Eat Your Greens: What your grandparents knew about arugula | The Source Weekly - Bend, Oregon

Eat Your Greens: What your grandparents knew about arugula

Every spring, right around daylight savings, my anxiety over cooking winter's hearty greens reaches its apex. I'm eager for asparagus, morels, English peas, tomatoes and corn. Roughly 25 dinners separate winter and springtime in my kitchen. Stores have artichokes from far-flung locales tempting me with spring flavors at designer prices. But if I can make the most of winter's bounty, you can too.

Push through those last winter dinners because cruciferous vegetables - kale, spinach, mustard greens, collard greens, cabbage, arugula and rapini - are what the body needs to fend off illness now and throughout our lives.
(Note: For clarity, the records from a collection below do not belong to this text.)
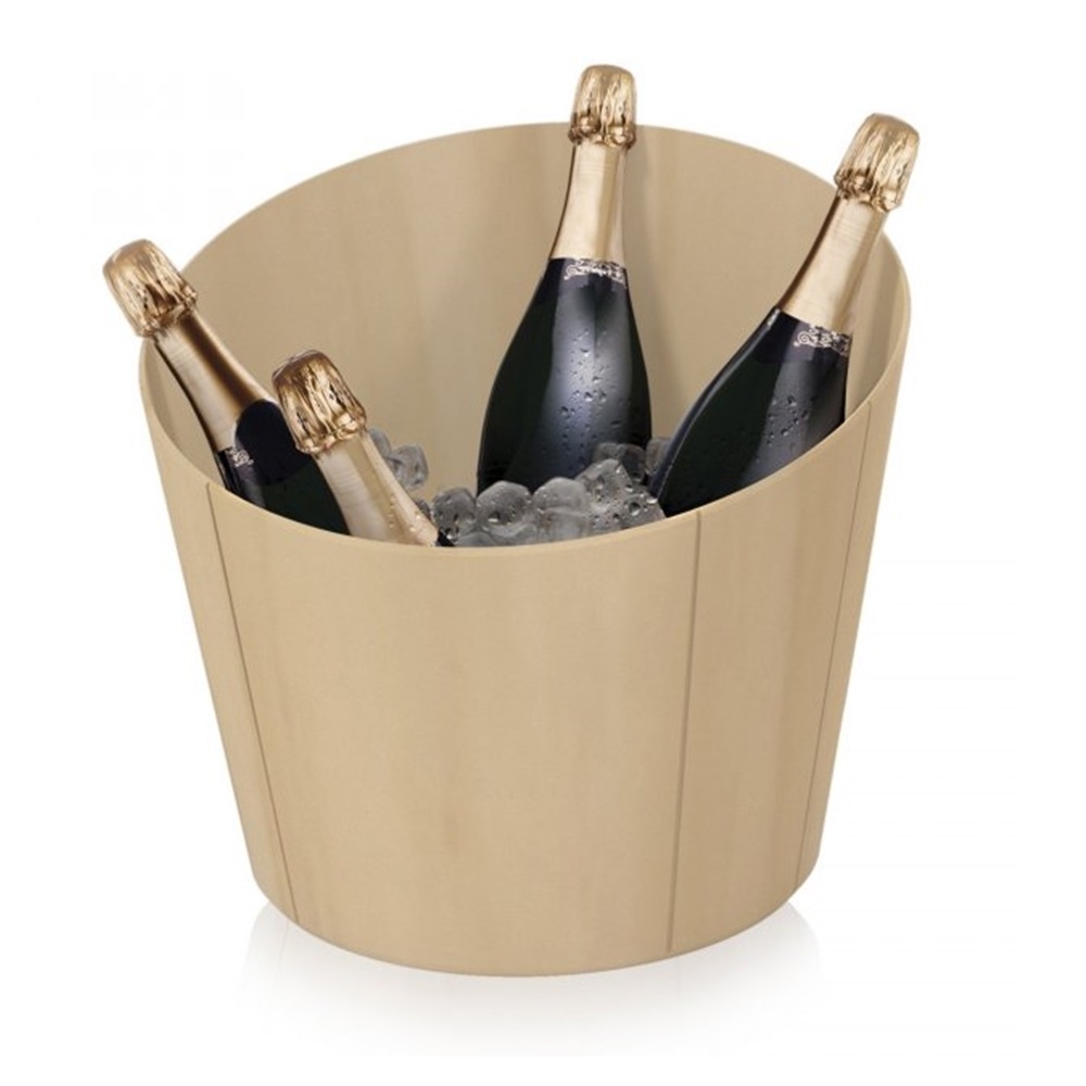 A madeira combina um design elegante, linhas minimalistas e sofisticadas com um material ecológico e inovador chamado Eco Wood. Esta champanheira de madeira vem com uma estética sofisticada cujas características, como o acabamento e a cor natural, lembram os barris de carvalho, evocando assim a beleza dos materiais naturais.
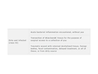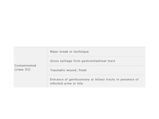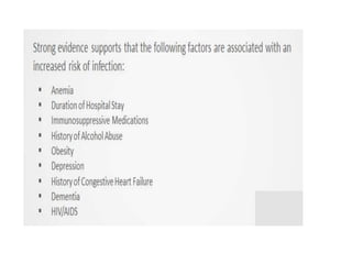 2) Risk factors for SSIs include longer surgeries, contaminated/dirty wounds, diabetes, obesity, and poor wound care after surgery. Proper antibiotic use, sterile technique, and monitoring wounds post-operatively can help prevent infections.
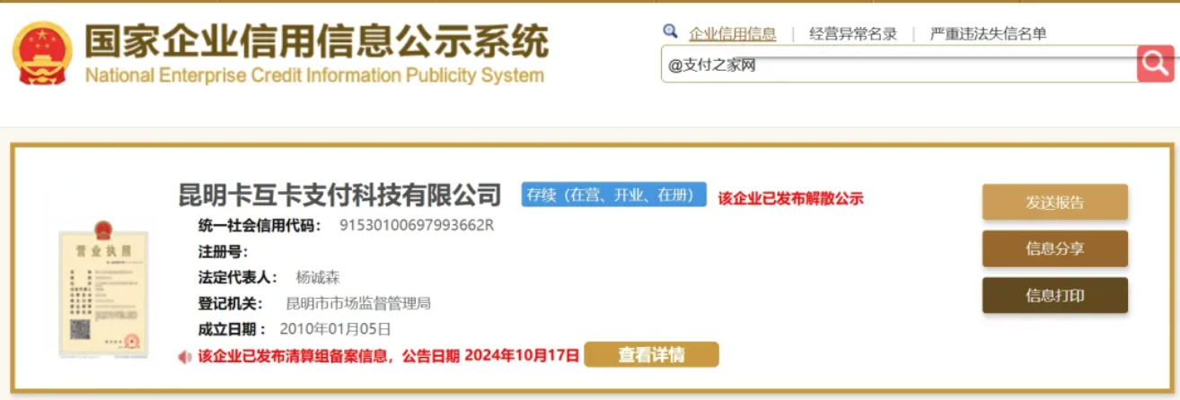 文章來源:四九八網(wǎng)絡(luò)發(fā)布時間:2024-10-28 09:33:35熱度:6042024年10月17日,曾經(jīng)的第三方支付平臺(持牌支付機(jī)構(gòu))昆明卡互卡支付科技有限公司(簡稱"卡互卡支付")廣告顯示,其在昆明市市場監(jiān)督管理局進(jìn)行了“注銷備案”,注銷原因為決議解散。
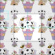Vita, svarta och vita fläckiga valpar med blommor och humlor som är särskilt trevliga för spädbarn och barn.

Bold, leafy greens are rich in beta-carotene, vitamin K, vitamin C, lutein, zeaxanthin and reasonably rich in calcium. Among other things, eating leafy greens reduces the risk of macular degeneration. Greens contain antioxidant and cancer-fighting properties, improving blood clotting and strengthening bones. Doctors and grandparents have praised the brassica family for generations. You might be new to eating greens or tired of the same old dish. Adding them to one or two meals a week will improve your health in the long run and there are many possibilities. Chop greens into a scramble, add to a couscous/quinoa/bulgar wheat pilaf, sauté with pasta and sausage, add to the layers of lasagna, or my favorite, sauté with bacon, sea salt, fresh cracked pepper and a liberal shaving of Parmigiano Reggiano.

A few reminders. Picking greens is sort of like picking a partner, choose fresh, lively, healthy looking greens with few imperfections. Storing greens has nothing to do with partners, store greens, unwashed, in the coldest part of your fridge. Eat within a few days of purchase.

On Sunday, the first night of daylight savings, I tried out the following recipe. I omitted the mozzarella and in lieu of water used a half-cup of red wine. The onions were a light purple, adding more color, and a slightly bolder flavor to the sauce.

Gnocchi with Kale
and White beans

2 tbsp extra-virgin olive oil

1 16-oz package shelf-stable gnocchi

1 medium yellow onion or shallot, thinly sliced

4 cloves garlic, minced

1/2 cup water (or wine)

6 cups chopped lacinato kale leaves (roughly 1 bunch)

1 15-oz can diced tomatoes with Italian seasonings

1 15-oz can white beans, rinsed

1/2 cup shredded part-skim mozzarella cheese

1/4 cup finely shredded Parmesan cheese

Freshly ground pepper and salt to taste


1. Heat 1 tablespoon of oil in a deep skillet over medium heat. Add gnocchi and cook, stirring often, until plumped and starting to brown, 5 to 7 minutes. Transfer to a bowl.

2. Add the remaining 1-teaspoon of oil and onion to the pan and cook, stirring, over medium heat, for 2 minutes. Stir in garlic and water. Cover and cook until the onion is soft, 4 to 6 minutes. Reduce the liquid to only a tablespoon or two. Add greens and cook, stirring, until starting to wilt, 1 to 2 minutes. Season with salt and pepper. Stir in tomatoes, beans and bring to a simmer. Stir in the gnocchi. Cover and heat gnocchi thoroughly. Serve. Garnish with cheese.